Is happening before, since the objetive was decided previously.

How do you know you are not dealing with an ‘outlier’?
The single sample belongs to an individual not related to the other groups. Is the problem sample, that has to be classified within one of the other groups.

I hope I have clarified something instead of repeating.

Kind regards

Nicholas_Bokulich · December 22, 2020, 3:34pm

That is relatively straightforward: you can use your beta diversity statistic of choice to see which group of samples that individual is most similar to.

An alternative might be to use q2-sample-classifier to train a classifer to predict different conditions, then use it to classify the unknown sample. This will tell you the most likely group, the probabilities that individual belongs to the different groups, and tell you which taxa are most predictive of the different groups (though the latter is maybe a bit more difficult to interpret, depending on the method you use... see the tutorial for this plugin at qiime2.org for more details).

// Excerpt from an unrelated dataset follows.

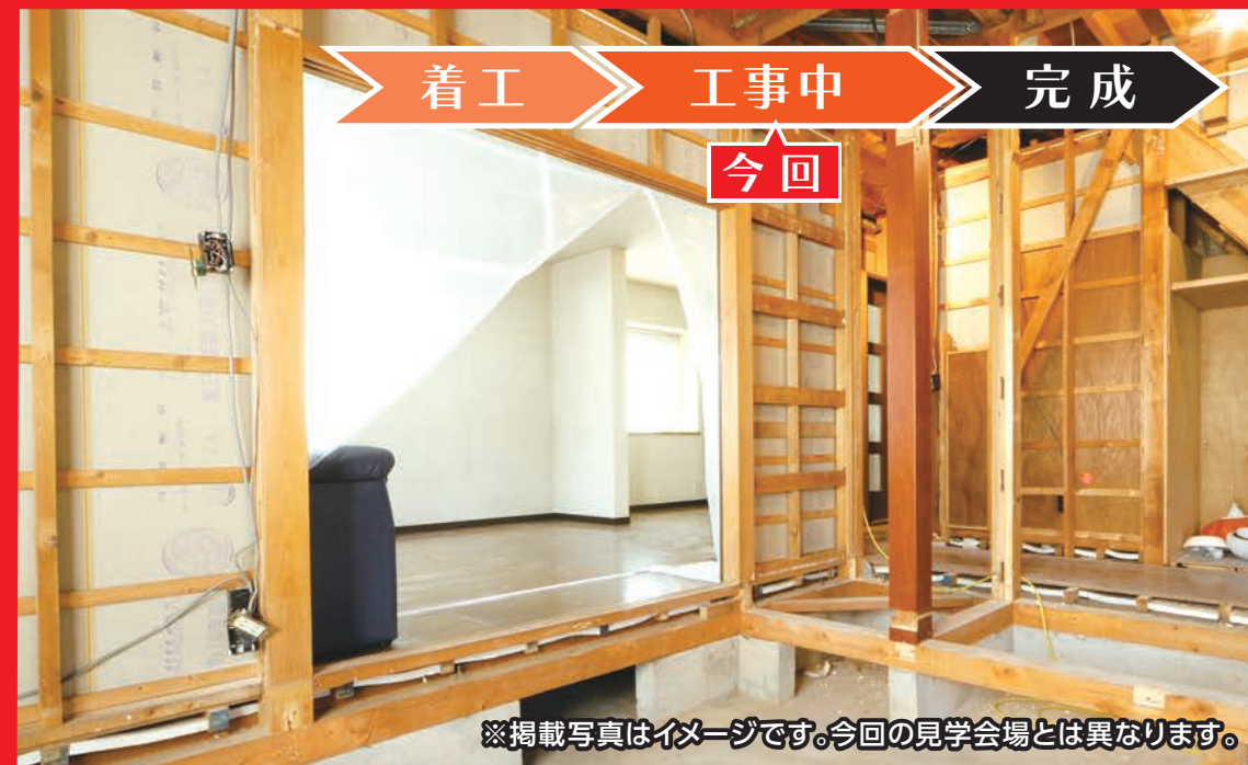
※掲載写真はイメージです。今回の見学会場とは異なります。

This is less straightforward. As @llenzi pointed out, ANCOM is not appropriate for this as you need appropriate replication to perform this or any statistical test.

The best solution may be to make something like a PCA/PCoA biplot to answer both questions simultaneously. This will tell you which group that individual is closest to, AND the taxa that are associated with those differences. Check out DEICODE or look in the forum/documentation for more details on different types of biplots available in QIIME 2.